(STUDY MATERIAL)
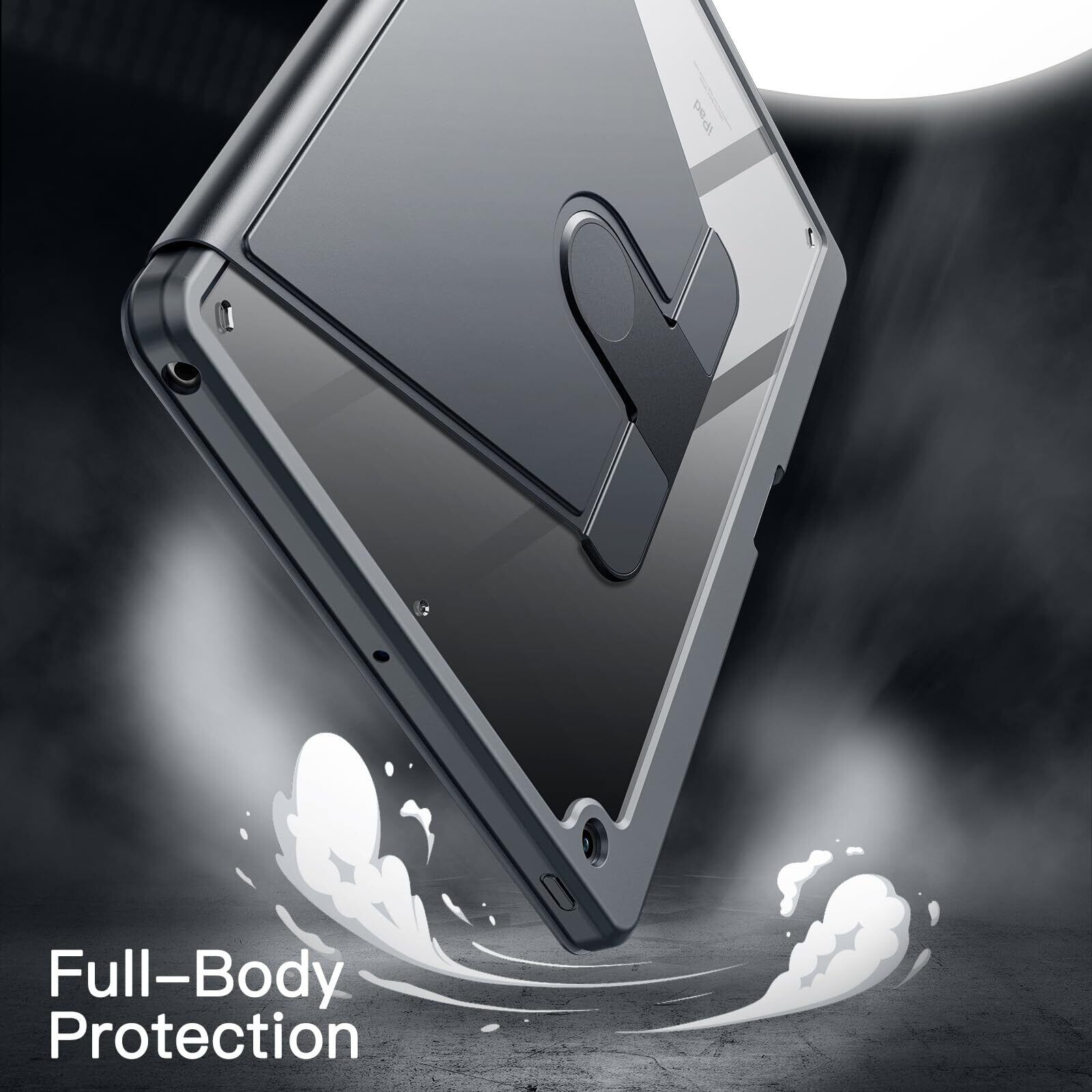 JETech 回転ケース iPad 9/8/7 (10.2インチ、2021/2020/2019モデル、第9/8/7世代用) Pencilホルダー付き 360°保護 スタンドカバー クリアバック 自動ウェイク/スリープ (スペースグレイ)
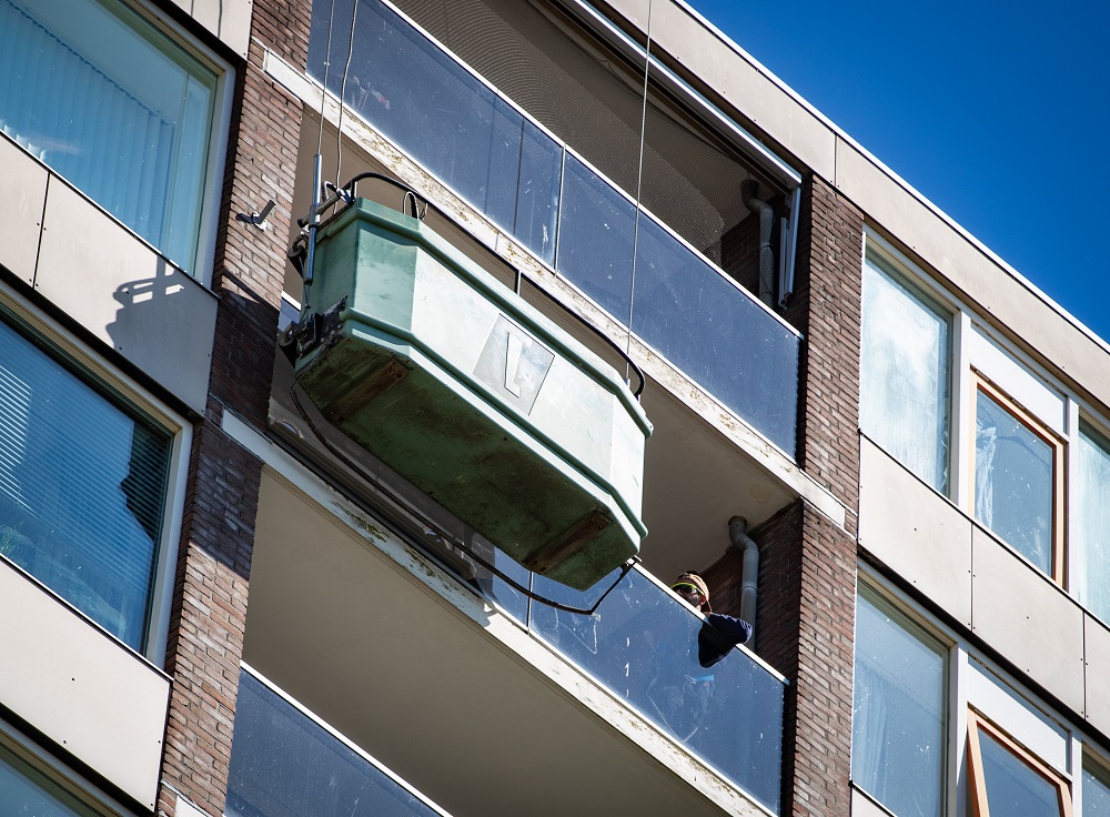 ZWOLLE – Twee mannen zijn dinsdagochtend vast komen te zitten in een glazenwassersbakje bij een flat aan de Monteverdilaan, nadat de stroomkabel van hun werkbak beschadigd raakte.
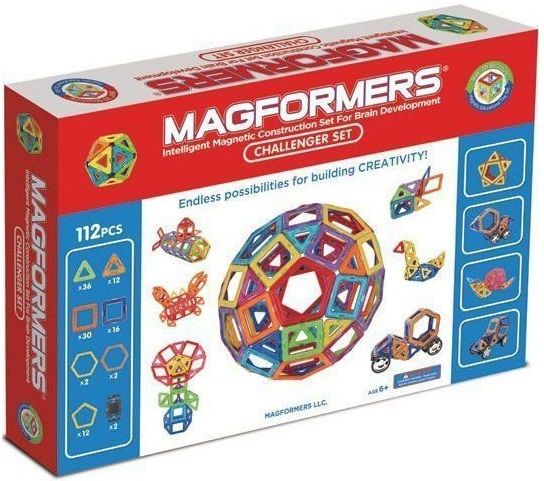 Magformers представляет Вам магнитный конструктор "Challenger", из крупных деталей которого ребенок смастерит множество разнообразных построек. Детали конструктора крупные. Плоские элементы конструктора разнообразны: шестигранники, треугольники, квадраты и др.
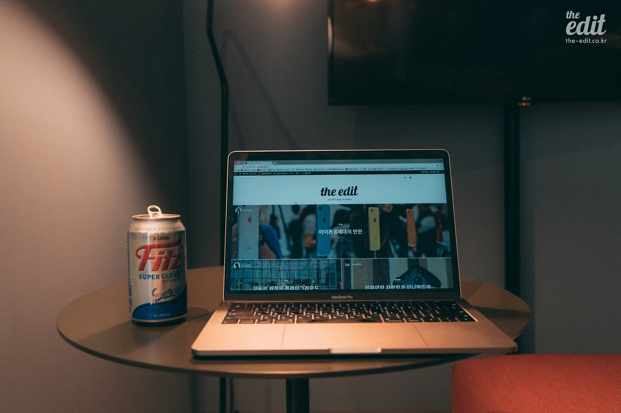 일단 들어가자마자 무료로 제공되는 맥주 한 캔을 땄다. 노트북부터 펼치는 어쩔 수 없는 직업병.
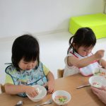 先月の誕生会にお休みした6月生まれの2歳児の女の子も
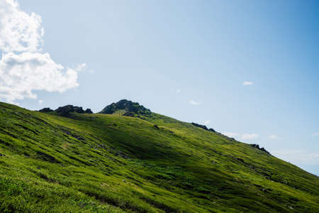 Mountain landscape with green grass and blue sky. Caucasus Mountains, Georgia.
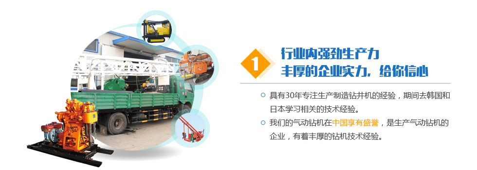 客戶共創(chuàng)雙贏。堅持科技先導、質(zhì)量第一、信譽第一。讓我們用真誠的智慧共同締造事業(yè)的成功。讓我們用真誠的智慧共同締造事業(yè)的成功。希望與您的合作,能為我們的雙方共添輝煌。經(jīng)營宗旨:質(zhì)量求生存,信譽樹品牌,價格贏打井設備市場,創(chuàng)新圖發(fā)展。我們將以一流的技術換取您的信賴和欣慰。公司以人為本,廣納天下人才,技術力量雄厚。公司堅持以人為本,以優(yōu)取勝,精誠服務,持續(xù)改進的質(zhì)量方針和氣動鉆機服務宗旨。真誠地與氣動鉆機
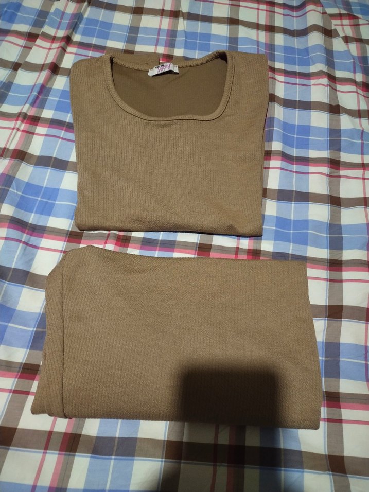 Açık kahverengi, kısa kollu ve yuvarlak yaka erkek ve kadın kullanılabilir kışlık pijama takımı, olarakda içlik olarak da kullanılabilir elastik ve yumuşacık
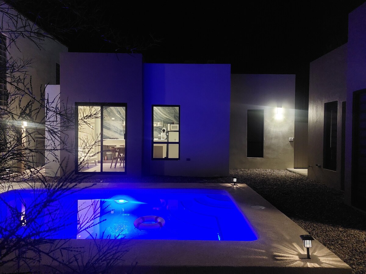 Brand new house located in a private and gated community. Amazing views of the Cerro del Tetakawi and Marina. The house has a big patio for kids with amenities such volley/soccer court . You can enjoy the pool all year long and enjoy family bbq on our grill. Smart TV’s with Sky and Netflix, a bar to prepare your favorite mixology drinks or a glass of wine. A big & open kitchen located upstairs.The beach is within walking distance from the house (100 mt). Pets welcome w/extra fee $60 per stay
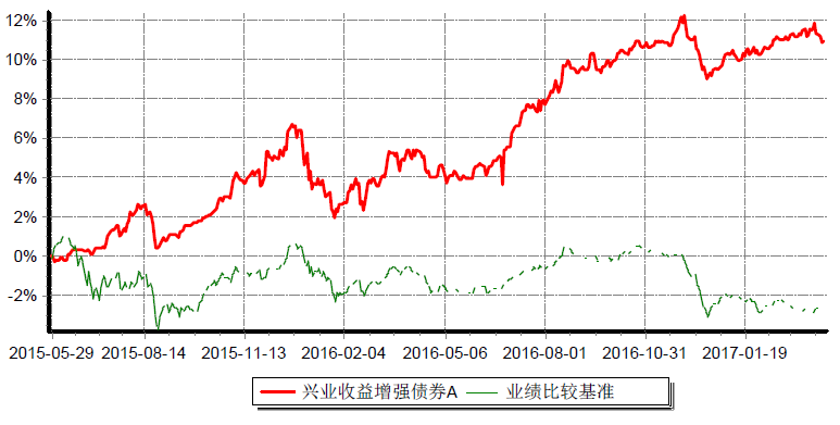 興業(yè)收益增強(qiáng)債券A累計凈值增長率與同期業(yè)績比較基準(zhǔn)收益率歷史走勢對比圖
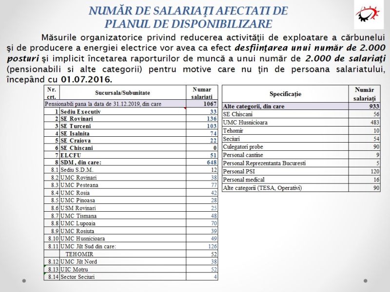 Liderii sindicali prezenți, ieri, la comisia mixtă restrânsă administrație-sindicate au fost înștiințați în legătură cu planul de eficientizare și reorganizare a Complexului Energetic Oltenia pe următorii patru ani, plan ce va fi supus aprobării AGA a CEO pe 20 mai. Proiectul, bătut în cuie de către administrație în acord cu solicitările Ministerului Energiei, prevede reduceri drastice de personal și activitate minieră în zona Gorjului. În primă fază, adică până pe 1 iulie vor fi disponibilizați primii 2000 de salariați, ca numărul să crească progresiv în anii următori, prin desființarea de entități miniere. Sindicaliștii au aflat că prima intrată pe picior de desființare va fi UMC Husnicioara, ce va fi urmată de carierele Motru, Roșiuța și Lupoaia, ca în final unitățile din Jilț să aibă aceeași soartă. Cel mult 6000 de angajați va mai număra în 2020 actualul CEO, potrivit acestui plan ce va fi supus aprobării forului de conducere la scurt timp după Paște.
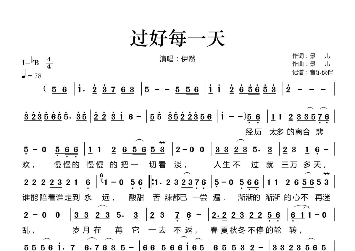 《过好每一天》是景儿演唱的一首歌曲,拍号为4/4拍,歌曲速度为每分钟78拍,这份简谱共有一张高清图谱,图谱由 @音乐伙伴 编配上传。
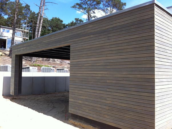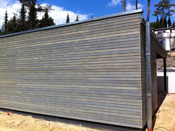 Holzverschalungen gibt es in vielen Farbtönen. Durch die Behandlung mit einem sogenannten Hydrostop ist das Holz lange Jahre geschützt, so dass ein Nachstreichen für viele Jahre entfällt.
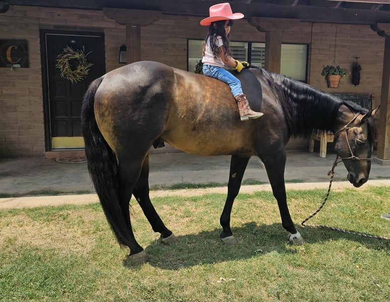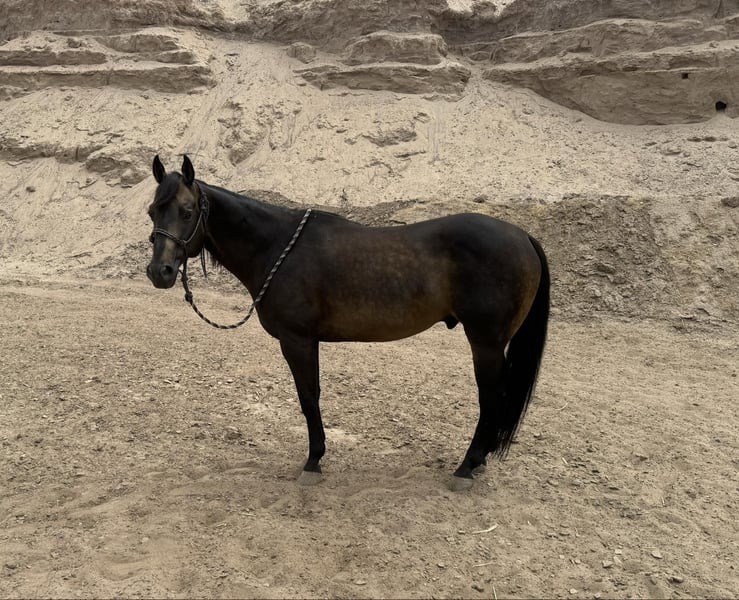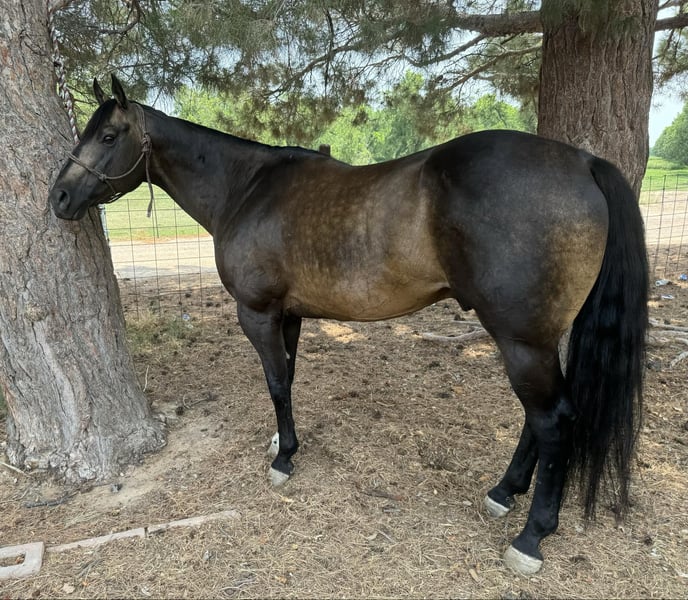 ONLINE AUCTION Place your bids at www.PlatinumEquineAuction.com Starting Bid $3500 Auction ends August 25th, 2024 Need a new saddle? Check out White Rock Saddles on our website or Facebook! Dexter is a 12 yr old sooty buckskin gelding he’s stands 15 h tall and is the prettiest buckskin color you ever seen. He’s been used on the ranch in west Texas in rough country, from pushing cattle from section pastures to bringing steers up in the roping pen. Dexter is easy going nothing really bothers him he’s easy to get along with, we actually pop fire works off of him and shoot a gun as well. He’s been on extreme trail rides from rocky country in the mountains to sandy deserts. We’ve also done a lot of pleasure riding in town around traffic. If your looking for a horse that’s gentle and has the looks here he is you will get noticed everywhere you go. Dexter has done some roping outside on the ranch would make an easy transition to the arena if someone wanted to go that direction with him. He’s been introduced to the smarty and slow steers in the arena. Dexter is easy to shoe has a brand new set. He ties, stands, saddles, bathes and will load and un load any trailer with no problems. He’s straight, clean and 100% sound. Don’t miss Dexter! Located in El Paso, TX. Contact Nathan Martinez 915-474-5453. ONLINE AUCTION Place your bids at www.PlatinumEquineAuction.com Starting Bid $3500 Auction ends August 25th, 2024 Need a new saddle? Check out White Rock Saddles on our website or Facebook!

(EXERCISE INSTRUCTIONS)
From the first line above down to the line with "ZWOLLE – Twee", reproduce every line and no others, omitting pictures.

(RESPONSE)
 JETech 回転ケース iPad 9/8/7 (10.2インチ、2021/2020/2019モデル、第9/8/7世代用) Pencilホルダー付き 360°保護 スタンドカバー クリアバック 自動ウェイク/スリープ (スペースグレイ)
 ZWOLLE – Twee mannen zijn dinsdagochtend vast komen te zitten in een glazenwassersbakje bij een flat aan de Monteverdilaan, nadat de stroomkabel van hun werkbak beschadigd raakte.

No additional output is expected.